Алан при помощи Иверта забрался в коляску – ездить верхом он пока еще не мог, и Берт на пару с вездесущим Оськой раскопали где-то старую дребезжащую двуколку. Они ее вымыли, смазали скрипящие оси жиром, устлали внутри коврами и подушками, запрягли серо-голубого понурого ослика, в гриву которого шут вплел цветные ленты, и торжественно вручили поводья смеющемуся конту, предварительно украсив их цветами и колокольчиками. Ну прям свадебный возок. Когда Виктория попыталась возмутиться по поводу пестроты и нарядности упряжи, Берт непонимающе заявил: "Так красиво же, сразу видно – господин едет". Теперь, когда начинали звенеть колокольчики, все в Осколке знали – Алан Валлид куда-то отправляется.
Они направились к замку, и Виктория следила за Гихардом Ведмедем, который ехал рядом верхом на своей рыжей кобыле и внимательно слушал увлеченно размахивающих руками старейшин. Она до сих пор не поняла, что он за человек. Гихард ходил по замку, как старый еврей по доставшейся ему в наследство ювелирной лавке. Он щупал стены, открывал и закрывал двери, заглядывал во все закутки и задавал массу вопросов слугам и рабам. Брат Турид записал его в шпионы и несколько раз приходил к конту жаловаться на любопытного горца, Рэй косился на игуша с недоверием, Кусь рычала, а Райка презрительно игнорировала. И только довольный неугомонный Оська таскался следом, составляя Ведмедю компанию во всех его изысканиях, а вечером на стол конта ложился доклад шута, написанный аккуратным почерком Тура. Пока горец не сделал ничего такого, чтобы заподозрить его в измене. Но на замок он смотрел взглядом хозяина, и это немного напрягало. Иверт отзывался о нем как о старом хитром лисе, с которым нужно держать ухо востро, но уверял, что слово свое вождь держит крепко. Главное, чтобы он его дал. А вот давать слово Гихард не торопился.

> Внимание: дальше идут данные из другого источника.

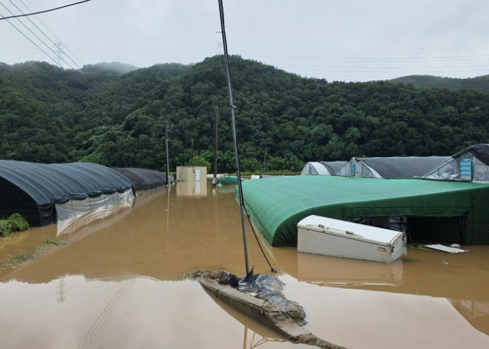 | ▲ 호우로 인해 비닐하우스가 물에 잠겼다. |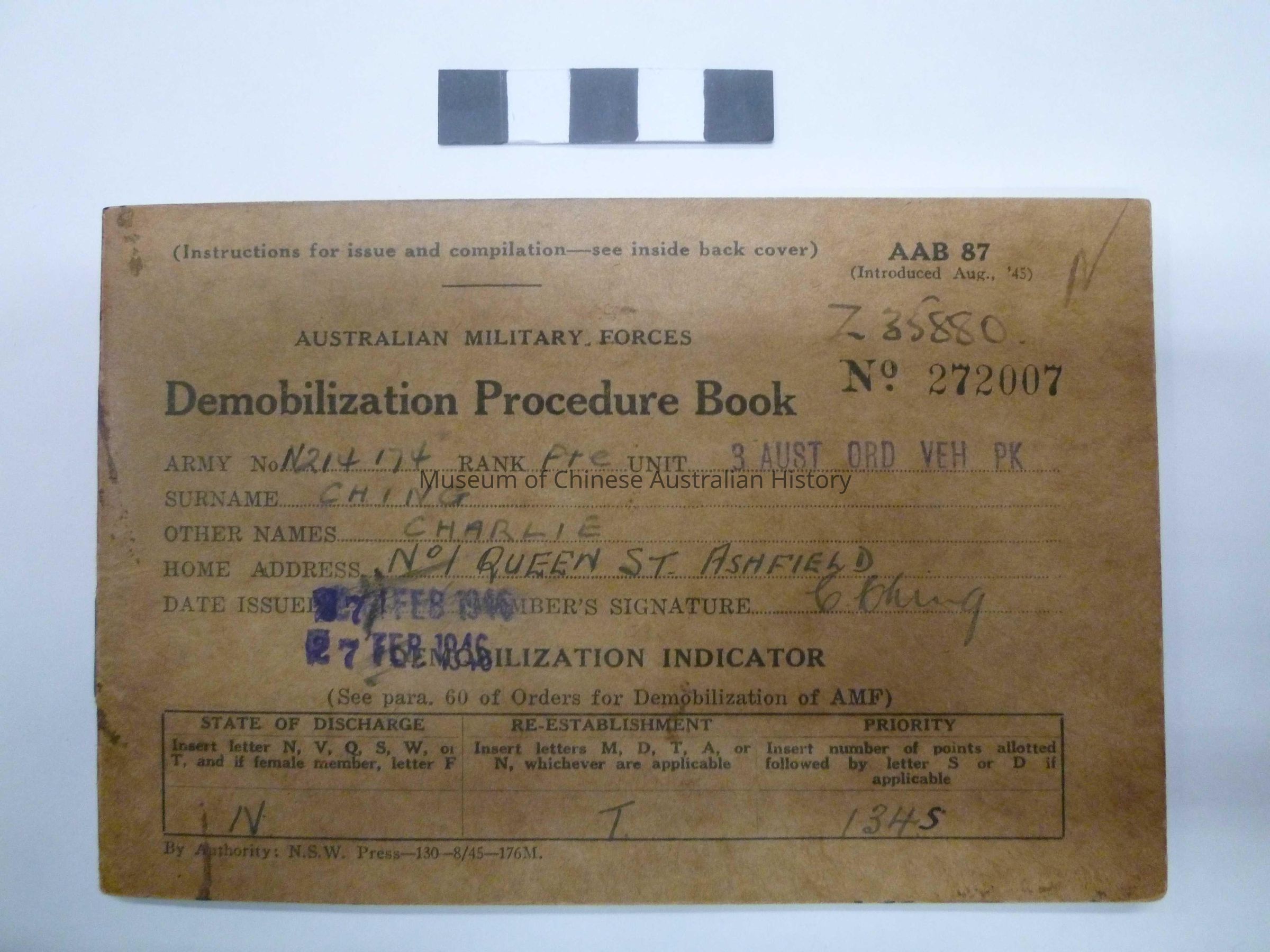 This material relates to the Ching Family. Florence Matilda Ching was the mother of Charles Ching and Allen Ching. Charles Ching served in the Australian Armed Forces during WW2. Charles Ching was a Private in the Citizen Military Force. He served from 1 Dec. 1941-7 Mar. 1946.

– Бешеный Алан, – начал Ведмедь, когда они, сытно пообедав, откинулись на подушки в шатре горца. Хотя в замке и хватало комнат, игуши предпочитали спать в собственных шатрах. – Тебе не приглянулась ни одна из моих дочерей?

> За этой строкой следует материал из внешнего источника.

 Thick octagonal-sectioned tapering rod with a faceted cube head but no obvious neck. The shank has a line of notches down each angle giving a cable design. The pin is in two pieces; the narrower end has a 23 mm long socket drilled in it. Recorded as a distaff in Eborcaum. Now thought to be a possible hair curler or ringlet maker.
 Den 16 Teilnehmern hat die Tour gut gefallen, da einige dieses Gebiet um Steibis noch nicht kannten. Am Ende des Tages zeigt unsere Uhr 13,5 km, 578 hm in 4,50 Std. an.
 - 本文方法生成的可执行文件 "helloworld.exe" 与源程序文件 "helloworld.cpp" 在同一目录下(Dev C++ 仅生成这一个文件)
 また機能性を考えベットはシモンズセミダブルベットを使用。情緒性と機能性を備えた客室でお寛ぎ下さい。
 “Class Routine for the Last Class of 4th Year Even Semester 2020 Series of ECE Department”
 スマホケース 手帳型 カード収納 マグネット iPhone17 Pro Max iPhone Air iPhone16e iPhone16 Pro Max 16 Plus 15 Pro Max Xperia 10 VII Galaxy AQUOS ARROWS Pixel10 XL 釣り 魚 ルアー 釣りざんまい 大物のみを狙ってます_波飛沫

Опять двадцать пять! Две девушки с улыбками смотрели на конта. Симпатичные, но…
– Гихард, давай говорить о делах. – Конт протянул одной из девушек руку, и она пересела к нему поближе. Алан улыбнулся. – Почему ты хочешь пойти со мной?

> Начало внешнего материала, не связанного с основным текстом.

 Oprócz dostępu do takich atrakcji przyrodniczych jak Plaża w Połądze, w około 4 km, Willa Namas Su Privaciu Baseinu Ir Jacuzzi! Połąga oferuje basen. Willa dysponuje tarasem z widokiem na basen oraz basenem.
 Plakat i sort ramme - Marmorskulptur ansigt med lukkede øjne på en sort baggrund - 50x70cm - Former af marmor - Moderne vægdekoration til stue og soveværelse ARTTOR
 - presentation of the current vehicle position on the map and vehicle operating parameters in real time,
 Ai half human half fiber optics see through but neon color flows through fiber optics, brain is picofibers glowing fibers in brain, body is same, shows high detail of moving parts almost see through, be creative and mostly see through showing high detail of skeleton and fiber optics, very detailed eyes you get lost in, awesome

– Вождь приказал. Ты сильный, большой, красивый. Дети от тебя будут здоровыми.
Иверт что-то быстро заговорил на своем наречии. Девушка вскочила на ноги и вместе с сестрой выбежала из шатра. Интересно, что он им сказал?
– Я все понял, Бешеный Алан. Больше не буду тебе предлагать в жены своих дочерей. А теперь давай перейдем к решению наших вопросов. – Ведмедь бросил на Иверта недовольный взгляд, но телохранитель конта его проигнорировал.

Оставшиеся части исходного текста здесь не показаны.